Adelia Myslov

Adelia Myslov

Adelia Myslov was born in 1989 in St Petersburg, Russia, soon moving to England with her family, where she attended the Yehudi Menuhin School and Purcell School of Music, studying violin with Natasha Boyarsky and Felix Andrievsky. She completed her Bachelor of Music at the Royal College of Music, and graduated with a Distinction in Masters of Performance from the RCM with Itzhak Rashkovsky (violin) and Adrian Butterfield (baroque violin). During her studies she received an Orpheus scholarship and was awarded an RCM Marjorie and Dorothy Whyte Memorial Fund upon graduating. She was sponsored throughout her school and college years by the London J & A Beares firm who lent her very fine violins on which to play; she now plays on an Italian violin by Lorenzo Storioni, kindly lent anonymously through Beare’s International Violin Society.
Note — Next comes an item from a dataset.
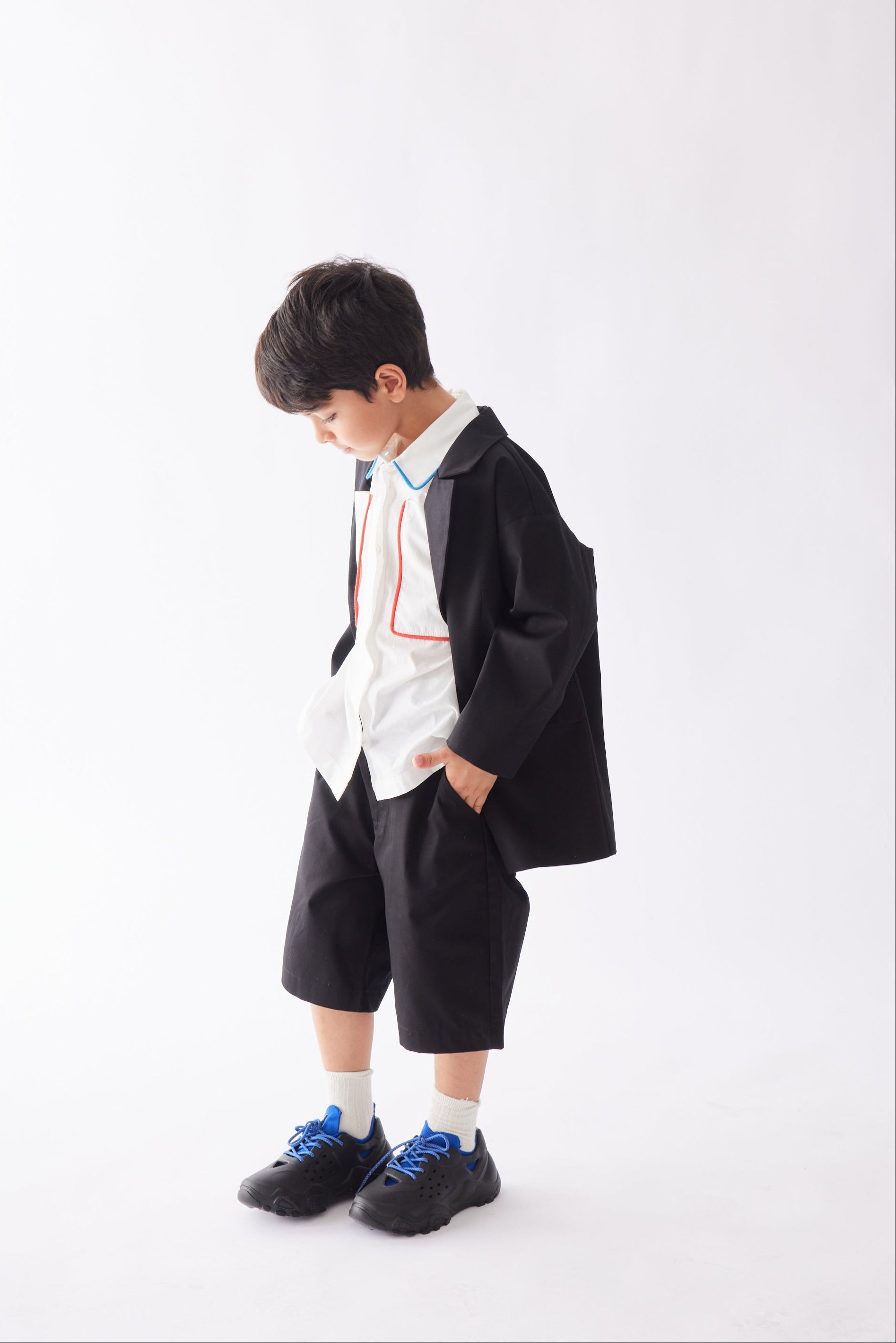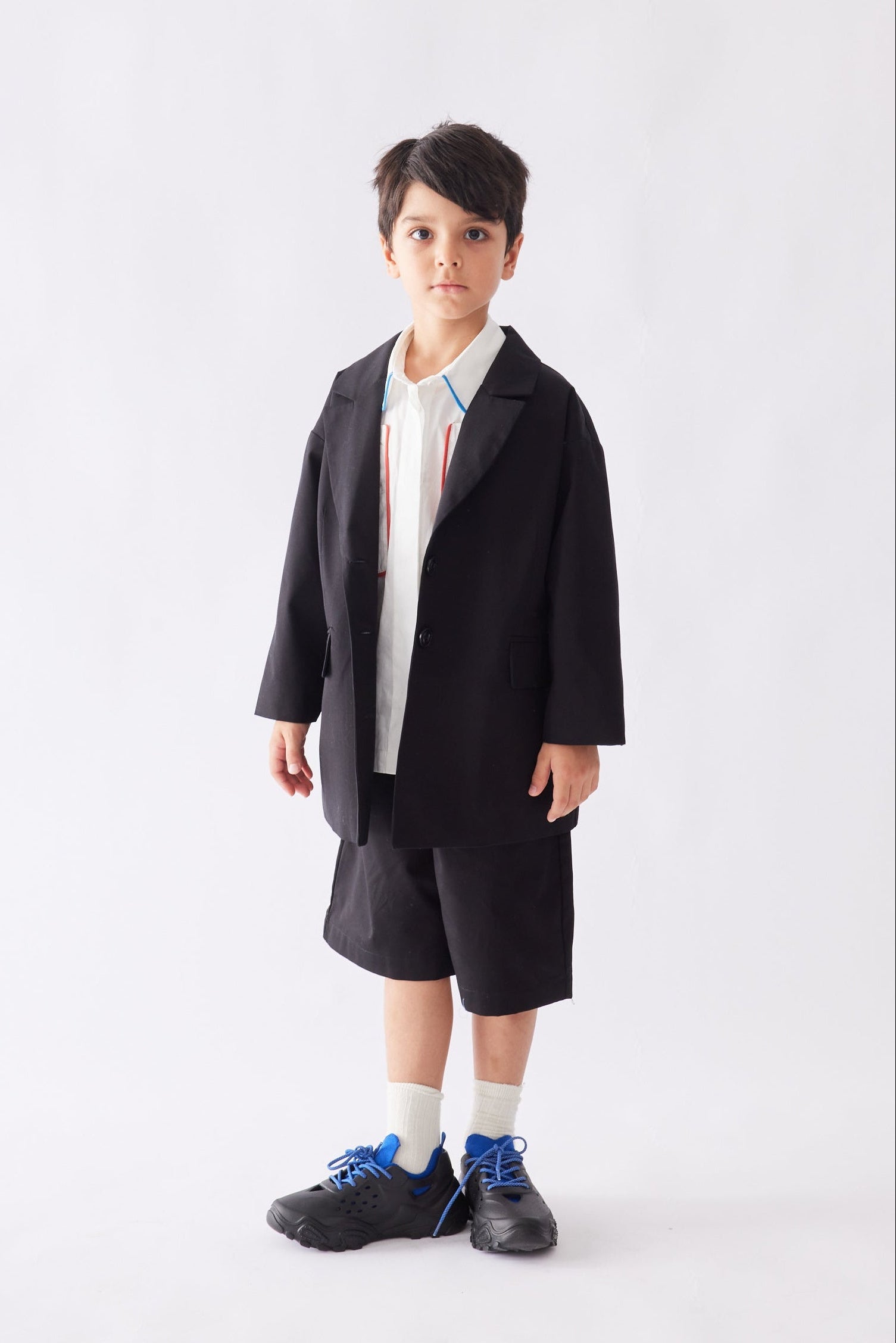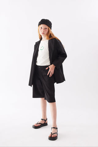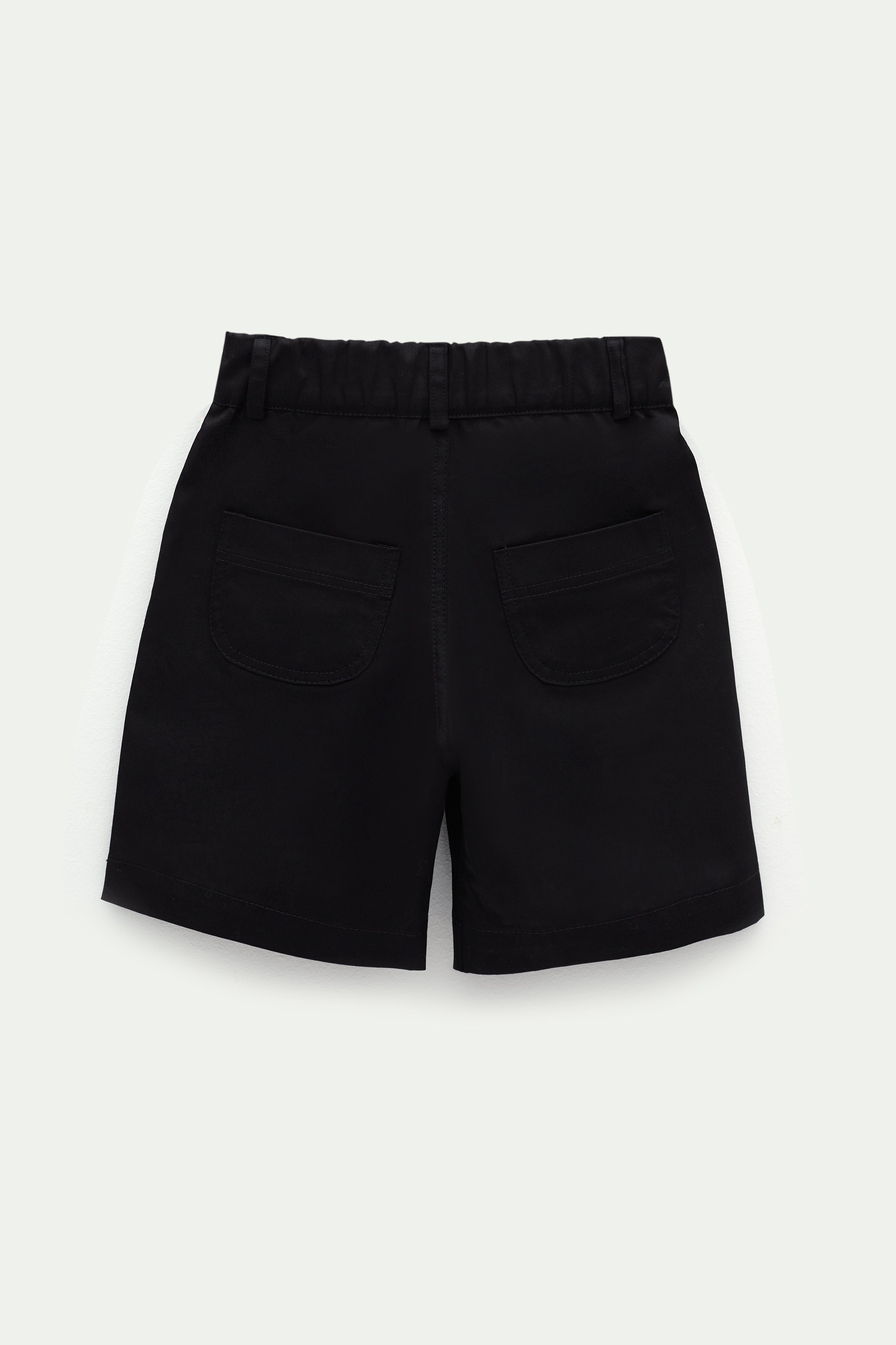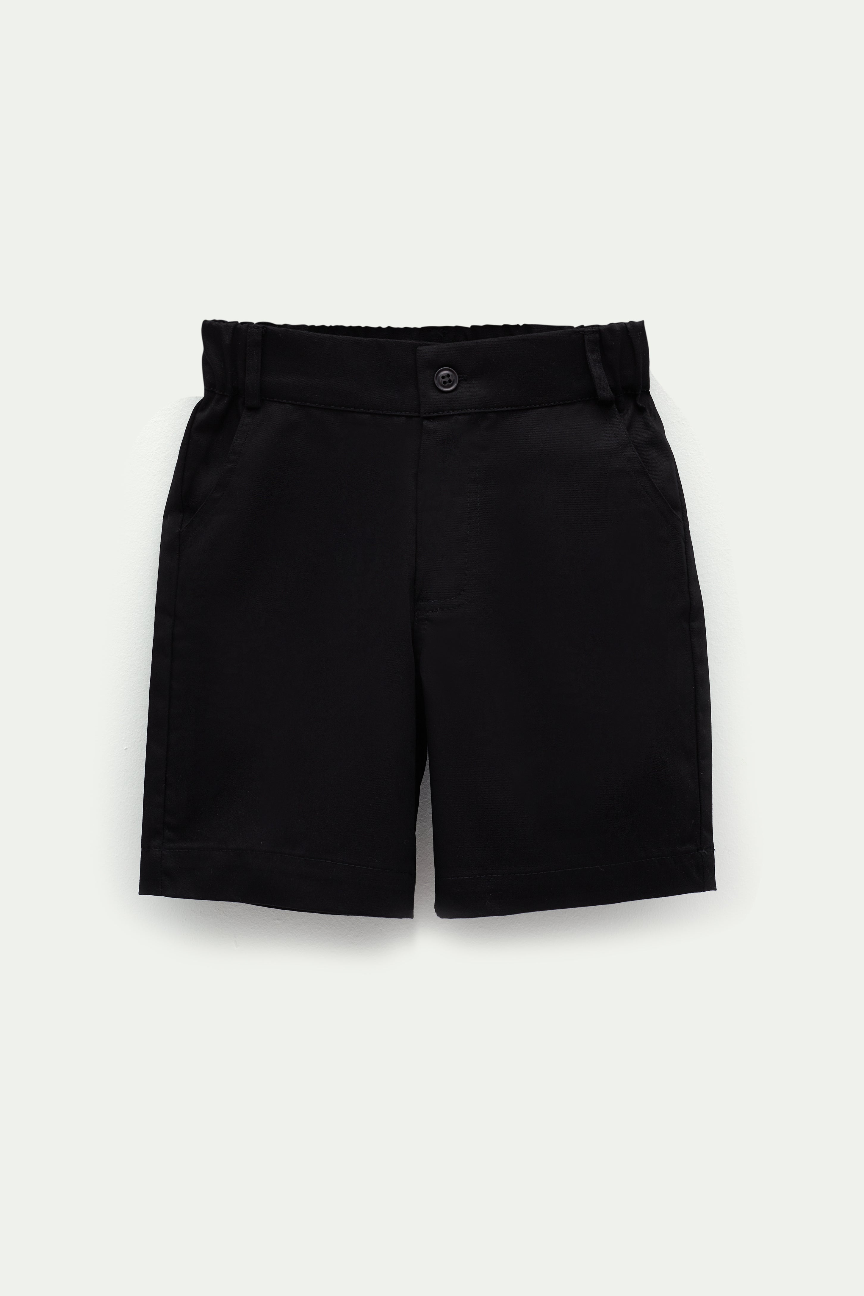 Önden fermuar ve düğmeli, arka belden lastikli, diz hizasında şort.

Adelia has given solo performances in the Queen Elizabeth Hall, Wigmore Hall, Royal Festival Hall, Fairfield Halls and 10 Downing Street, and has toured France, Spain, Italy and Germany. She won the first prize in North London’s International Solo Bach Competition (2009), first prize in the string section of Tunbridge Wells International Competition, and the prize for ‘Best interpretation of a Hungarian piece’ in the Carl Flesch competition in Hungary. She is the recipient of numerous awards and scholarships including the Manoug Parikian award at the age of fourteen, Philharmonia MMSF awards and the Countess of Munster scholarship twice in 2011 and 2012. Adelia has played concertos by Elgar, Prokofiev, Mendelssohn, Bruch and Vivaldi with orchestras across England, and has participated in masterclasses with legendary violinists Ida Haendal, Yehudi Menuhin, Edward Grach and Pinchas Zuckerman. Adelia was one of the six Selected Artists in Making Music’s 2013-2014 scheme, and entered the Countess of Munster Recital Scheme.

Recent engagements include recitals at Kimbolton Castle and Saffron Walden; her acclaimed recital series ‘Mortal Man; Immortal Dreams’ with pianist Craig White; Elgar violin concerto with the Petersfield Orchestra, and Brahms concerto with the Richmondshire Orchestra. Future engagements include St Martin in the Fields London and the Menuhin Hall.